Lawrence Durrell

Il labirinto oscuro

COD: 9fc3d7152ba9 Categoria: Tag:

Collana:
Numero collana:
46
Pagine:
324
Codice ISBN:
9788881121038
Prezzo cartaceo:
€ 15,00
Data pubblicazione:
01-12-1999

Traduzione di Martina Rinaldi

Il labirinto oscuro, uno dei capolavori del grande scrittore inglese, è un romanzo che fonde avventura e introspezione nella cornice storica del secondo dopoguerra. Una crociera nel Mediterraneo ha come tappa l’isola di Creta, dove è recente la scoperta di un labirinto sotterraneo.
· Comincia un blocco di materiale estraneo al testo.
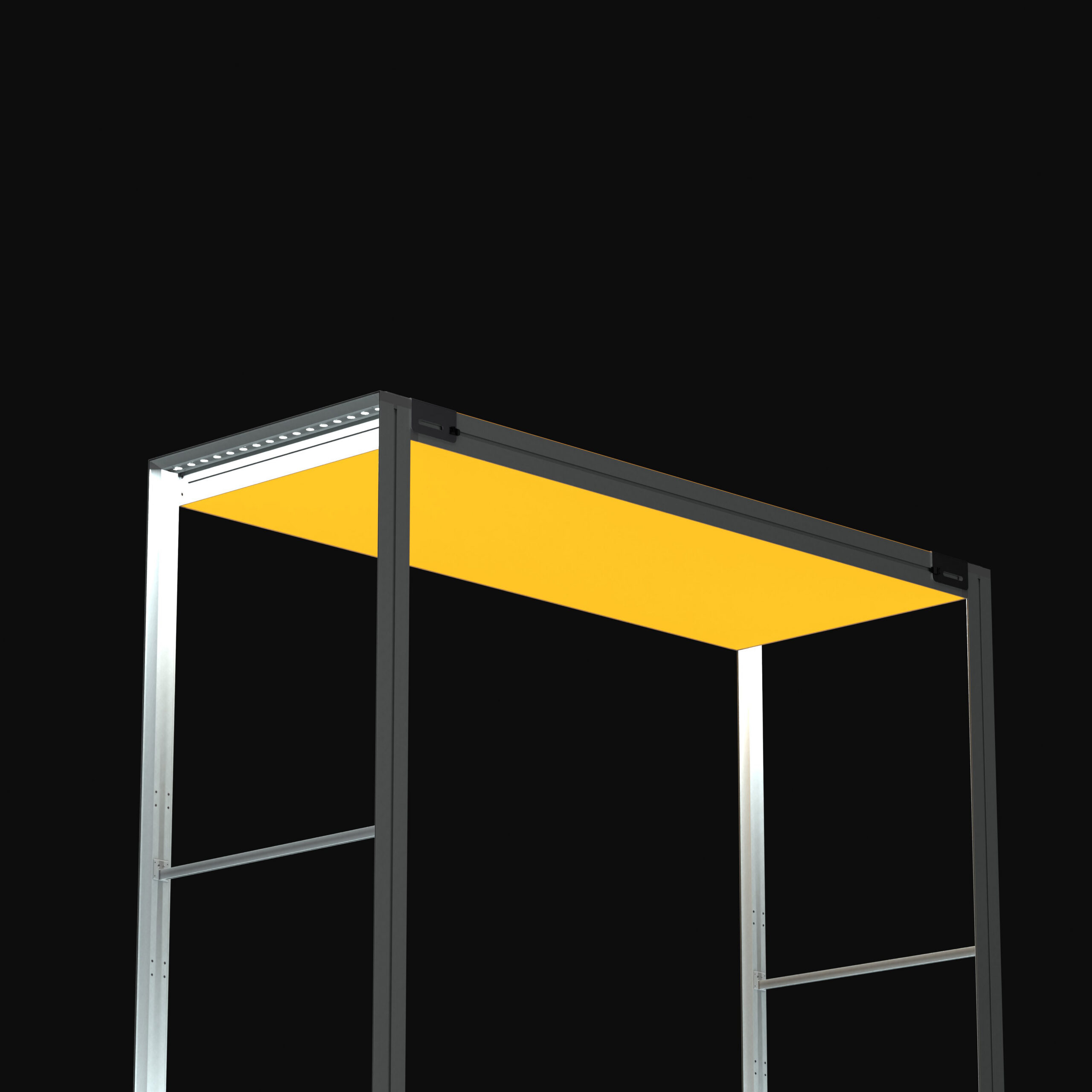 Maak jouw stand compleet met het LED Flexframe Brightbox Plafond – een opvallend verlicht plafond dat zorgt voor extra merkbeleving van bovenaf.

Invano gli isolani tentano di dissuadere i turisti dall’escursione; e c’è anche chi sostiene che il Minotauro sia ancora in vita… È l’inizio di una vicenda appassionante e drammatica, dove l’azione ha come teatro l’animo stesso dei personaggi, e il loro procedere significa addentrarsi nei meandri della conoscenza verso la verità ultima della loro vita. «Assillato da questi pensieri, udì all’estremità di quel passaggio un lieve rumore… Poi gli arrivò un soffio di aria tiepida, come se un grosso corpo si fosse spostato dalla profondità della galleria per andargli incontro. Urlò e sentì addosso l’impuro alito fetido della Cosa. Si muoveva lentamente, proprio verso di lui, così lentamente che la sua angoscia divenne insopportabile».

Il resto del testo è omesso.